Einige wohlhabende Familien aus dem 17. Jh. liessen eine eigene Grabapelle errichten.
( F) Die berühmteste davon ist die der Familie P.P. Rubens in der Marienkapelle im östlichen Teil der Kirche, die 5 Jahre nach seinem Tod, um 1645, fertig gestellt wurde. Rubens wählte das Gemälde Unserer Lieben Frau von Heiligen umringt, kurz vor seinem Tod für seine Grabkapelle aus, ein Gemälde das aus rätselhaften Gründen niemals bei dem eigentlichen Auftraggeber ankam. Suchen Sie deshalb nicht nach Portraits seiner Verwandten noch von ihm selbst. Bei Rubens‘ Tod sagte ein Geistliche: “Jetzt ist er nach das Original von verschiedene schöne Gemälde denen er uns hintengelassen hat”.
( G) Die Mailänder Familie Carenna hatte St.-Carolus Borromäus von Mailand als Schutz-patron. Hier ist er als Schutzpatron der Pestkranken von Jaques (‚Jacob‘) Jordaens gemahlt.

♦ ( Q) Kanzel (Lodewijk Willemssens, 1675) – Vier allegorische Frauenfiguren tragen den Kanzelkorb. Die Tugend des Glaubens wird flankiert von der Wahrheit und der Theologie. Der Glaube wird weiter gegeben durch Unterricht, z.B. durch Predigten.

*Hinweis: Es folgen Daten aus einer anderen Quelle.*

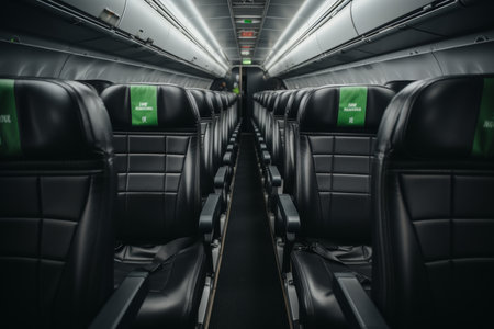 Empty airplane cabin with black leather seats in a 3-3 configuration. Well-lit, modern feel, single aisle. Aviation, travel, passenger, airline, interior, flight, seat, comfort.
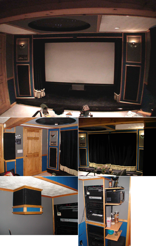 15' x 12' home-made theater. Fiber optic ceiling layed out w/ accurate constellations and custom sequential LED illuminator. HD72 Optoma Projector. 100" electric Elite screen. Sony amp, DVD and 6.1 speakers.
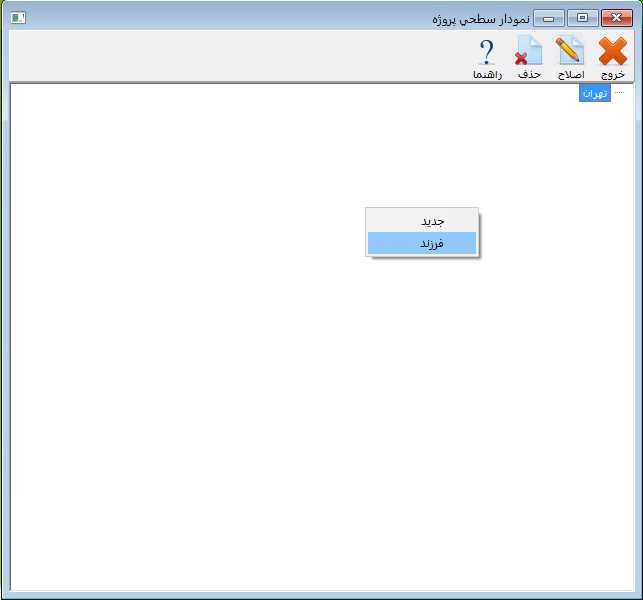 در فرم باز شده میتوانید سطوح مربوط به پروژهها را مشاهده نمایید. برای تعریف پروژه جدید در فرم نمودار سطحی، کلیک راست کنید و گزینه جدید را انتخاب کنید.
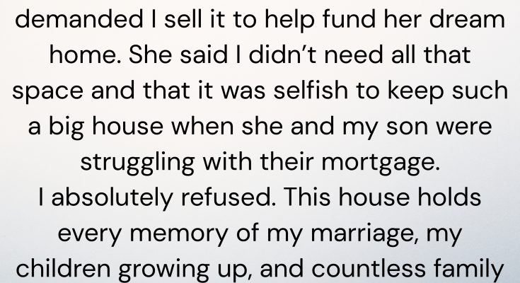 There is room for compromise without erasure. There is room for generosity that doesn’t demand the disappearance of someone else’s history. I will help them, yes—I love my son and I want him to have a home. But I will not sell the only house that contains the thread of my life just so someone else’s dream has a faster start.
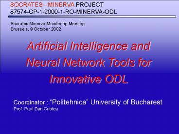Title: Artificial Intelligence and Neural Network Tools for Innovative ODL
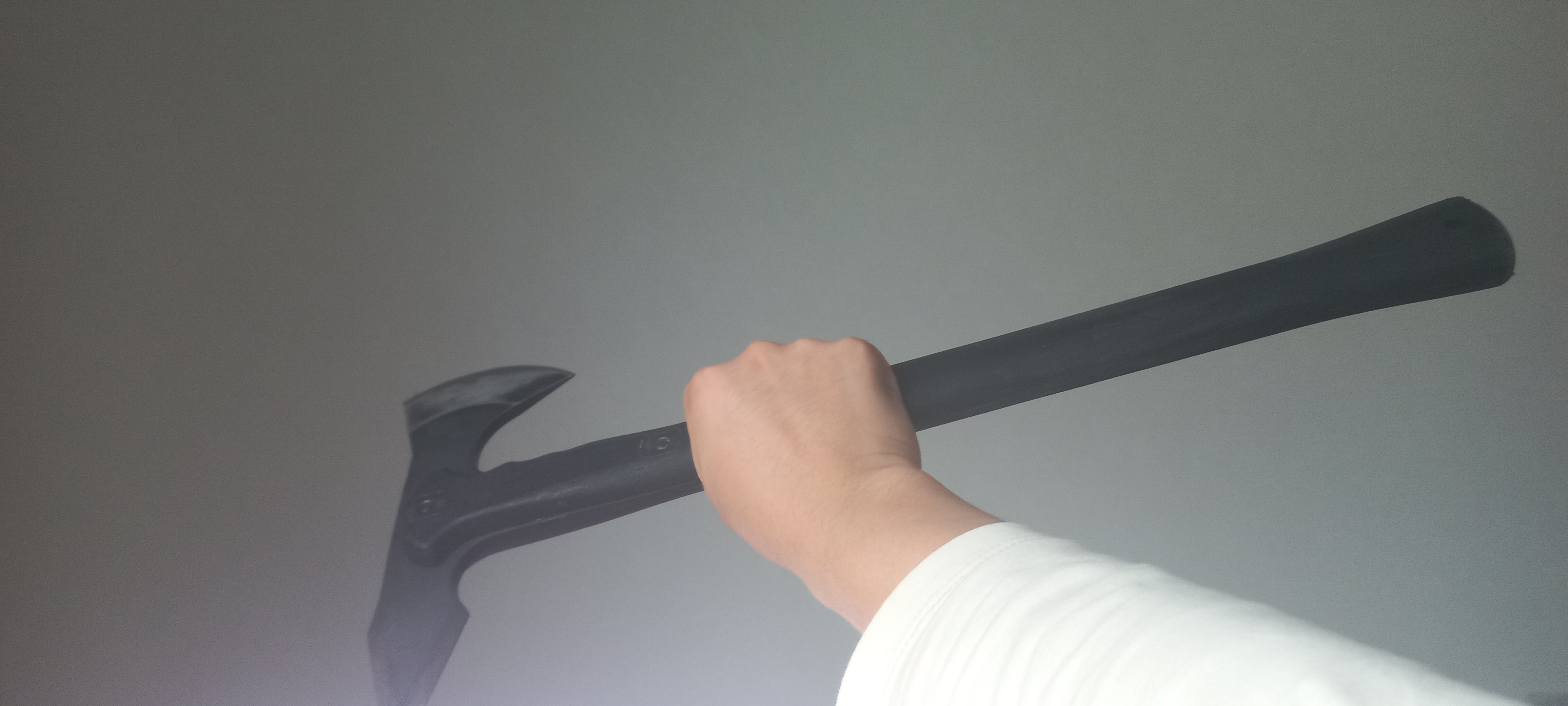 도끼자루를 팔에 붙이거나, 옆으로 쳐내면, 아니면 양손으로 잡고 자루로 막으면 방어도 된다.

Fast ganz unter der Treppe versteckt hält die Instruktion uns einen Spiegel vor (von berühmten Vorbildern) mit dem Text: „Schauen Sie hier hinein und Sie werden weiser sein”. Die Frage, die sich stellt, ist dann auch: „An welchem Vorbild spiegele ich mich?”

 ( R) Von dem unterste Stock des Turmes lasset das große Orgel (Anneessens, 1884) sich in die Kirche hören.

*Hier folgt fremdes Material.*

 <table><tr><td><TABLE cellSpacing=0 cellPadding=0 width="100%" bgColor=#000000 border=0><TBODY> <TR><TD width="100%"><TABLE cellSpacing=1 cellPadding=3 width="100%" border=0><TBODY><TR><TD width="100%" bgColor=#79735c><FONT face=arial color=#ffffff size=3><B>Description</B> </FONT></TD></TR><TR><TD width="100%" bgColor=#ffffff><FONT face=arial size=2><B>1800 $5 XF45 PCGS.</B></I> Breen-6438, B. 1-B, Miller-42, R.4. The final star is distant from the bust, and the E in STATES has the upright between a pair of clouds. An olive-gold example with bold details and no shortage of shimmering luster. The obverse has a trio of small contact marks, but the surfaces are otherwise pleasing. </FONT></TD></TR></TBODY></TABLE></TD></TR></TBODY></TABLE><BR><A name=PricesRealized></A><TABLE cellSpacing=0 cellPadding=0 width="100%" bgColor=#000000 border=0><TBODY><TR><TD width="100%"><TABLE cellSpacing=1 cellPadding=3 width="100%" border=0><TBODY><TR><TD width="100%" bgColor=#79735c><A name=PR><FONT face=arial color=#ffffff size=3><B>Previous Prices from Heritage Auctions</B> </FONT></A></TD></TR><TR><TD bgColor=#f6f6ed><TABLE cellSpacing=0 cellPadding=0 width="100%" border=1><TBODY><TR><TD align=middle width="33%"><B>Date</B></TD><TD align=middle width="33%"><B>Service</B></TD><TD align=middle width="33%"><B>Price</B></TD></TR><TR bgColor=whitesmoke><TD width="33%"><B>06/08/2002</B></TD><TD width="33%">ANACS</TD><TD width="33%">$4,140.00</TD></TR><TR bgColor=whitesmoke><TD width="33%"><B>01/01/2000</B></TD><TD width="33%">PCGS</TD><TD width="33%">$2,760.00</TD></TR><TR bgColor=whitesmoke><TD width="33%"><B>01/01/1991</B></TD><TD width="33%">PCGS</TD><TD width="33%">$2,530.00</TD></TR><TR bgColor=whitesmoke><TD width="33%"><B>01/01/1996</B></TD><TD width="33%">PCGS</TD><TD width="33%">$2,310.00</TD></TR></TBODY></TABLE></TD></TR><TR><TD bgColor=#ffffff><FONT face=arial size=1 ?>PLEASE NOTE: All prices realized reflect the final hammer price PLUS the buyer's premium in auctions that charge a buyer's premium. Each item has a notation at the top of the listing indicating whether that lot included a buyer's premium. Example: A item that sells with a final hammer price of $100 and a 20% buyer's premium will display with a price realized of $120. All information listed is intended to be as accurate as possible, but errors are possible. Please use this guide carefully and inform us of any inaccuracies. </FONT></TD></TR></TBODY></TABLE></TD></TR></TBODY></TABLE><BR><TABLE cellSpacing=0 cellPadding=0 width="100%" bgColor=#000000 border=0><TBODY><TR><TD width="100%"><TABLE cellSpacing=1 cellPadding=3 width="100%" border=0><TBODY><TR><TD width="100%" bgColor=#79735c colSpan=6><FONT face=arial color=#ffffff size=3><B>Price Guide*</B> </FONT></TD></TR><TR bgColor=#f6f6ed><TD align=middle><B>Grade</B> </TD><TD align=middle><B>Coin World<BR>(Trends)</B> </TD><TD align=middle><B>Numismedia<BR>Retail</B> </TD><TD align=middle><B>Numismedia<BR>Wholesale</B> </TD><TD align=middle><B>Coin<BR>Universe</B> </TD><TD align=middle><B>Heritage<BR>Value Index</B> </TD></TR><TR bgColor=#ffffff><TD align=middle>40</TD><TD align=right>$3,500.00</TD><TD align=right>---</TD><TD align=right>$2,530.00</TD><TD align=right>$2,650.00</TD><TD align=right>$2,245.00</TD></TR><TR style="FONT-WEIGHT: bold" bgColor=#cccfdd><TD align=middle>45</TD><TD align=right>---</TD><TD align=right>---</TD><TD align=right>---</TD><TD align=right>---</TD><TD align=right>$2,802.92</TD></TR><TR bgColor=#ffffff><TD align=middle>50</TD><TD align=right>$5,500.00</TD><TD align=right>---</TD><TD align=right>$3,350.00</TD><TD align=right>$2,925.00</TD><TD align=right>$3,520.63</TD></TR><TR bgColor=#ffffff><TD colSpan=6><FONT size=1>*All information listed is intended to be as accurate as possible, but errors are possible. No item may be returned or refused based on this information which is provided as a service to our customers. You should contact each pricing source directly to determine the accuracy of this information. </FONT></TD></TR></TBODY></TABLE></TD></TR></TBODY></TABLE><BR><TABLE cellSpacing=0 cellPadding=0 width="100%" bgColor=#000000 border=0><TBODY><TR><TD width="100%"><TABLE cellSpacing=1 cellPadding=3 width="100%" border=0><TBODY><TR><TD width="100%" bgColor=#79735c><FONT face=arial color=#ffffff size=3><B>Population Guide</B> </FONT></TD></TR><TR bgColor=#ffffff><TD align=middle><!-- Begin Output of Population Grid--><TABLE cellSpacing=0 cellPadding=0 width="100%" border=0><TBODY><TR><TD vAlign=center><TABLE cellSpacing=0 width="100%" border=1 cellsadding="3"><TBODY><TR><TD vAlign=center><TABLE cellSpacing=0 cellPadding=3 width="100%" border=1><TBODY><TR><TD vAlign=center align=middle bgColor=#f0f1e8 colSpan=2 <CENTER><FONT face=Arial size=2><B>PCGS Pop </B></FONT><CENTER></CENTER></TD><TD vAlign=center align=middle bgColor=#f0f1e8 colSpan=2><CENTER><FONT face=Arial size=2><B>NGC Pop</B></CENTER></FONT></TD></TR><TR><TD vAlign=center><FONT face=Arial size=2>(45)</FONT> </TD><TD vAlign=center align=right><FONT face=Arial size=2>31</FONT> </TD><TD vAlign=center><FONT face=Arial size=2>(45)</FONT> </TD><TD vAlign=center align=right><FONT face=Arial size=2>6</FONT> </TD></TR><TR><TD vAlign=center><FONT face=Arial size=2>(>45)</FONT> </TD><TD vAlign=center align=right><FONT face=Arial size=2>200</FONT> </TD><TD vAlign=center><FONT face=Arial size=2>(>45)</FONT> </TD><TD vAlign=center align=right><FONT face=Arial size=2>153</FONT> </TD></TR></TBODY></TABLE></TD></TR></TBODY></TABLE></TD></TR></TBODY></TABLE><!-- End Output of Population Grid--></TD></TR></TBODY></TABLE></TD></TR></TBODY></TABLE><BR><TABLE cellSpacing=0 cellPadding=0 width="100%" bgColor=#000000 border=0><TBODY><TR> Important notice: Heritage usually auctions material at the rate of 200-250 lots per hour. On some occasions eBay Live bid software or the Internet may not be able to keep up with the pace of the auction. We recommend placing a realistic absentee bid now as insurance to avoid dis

 Papst Clemens XI gab den Kapitel in 1705 den Ehrenamen ‘renommiertes‘ und – wie Sie sich sicher vorstellen können – ist man hier immer noch stolz auf diese ‚renommiertes Kapitelkirche‘. Völlig beeindruckt von all dieser Schönheit und dem Reichtum sagte ein deutscher Besucher im 19. Jh., dass die St. Jakobskirche es „als die reichste Kirche der germanischen Länder verdient… in Venedig zu stehen“. Obwohl die chauvinistischen Antwerpener sich an diesem Kompliment sehr erfreuen, bevorzugen sie jedoch ihren St. Jakob hier zu behalten.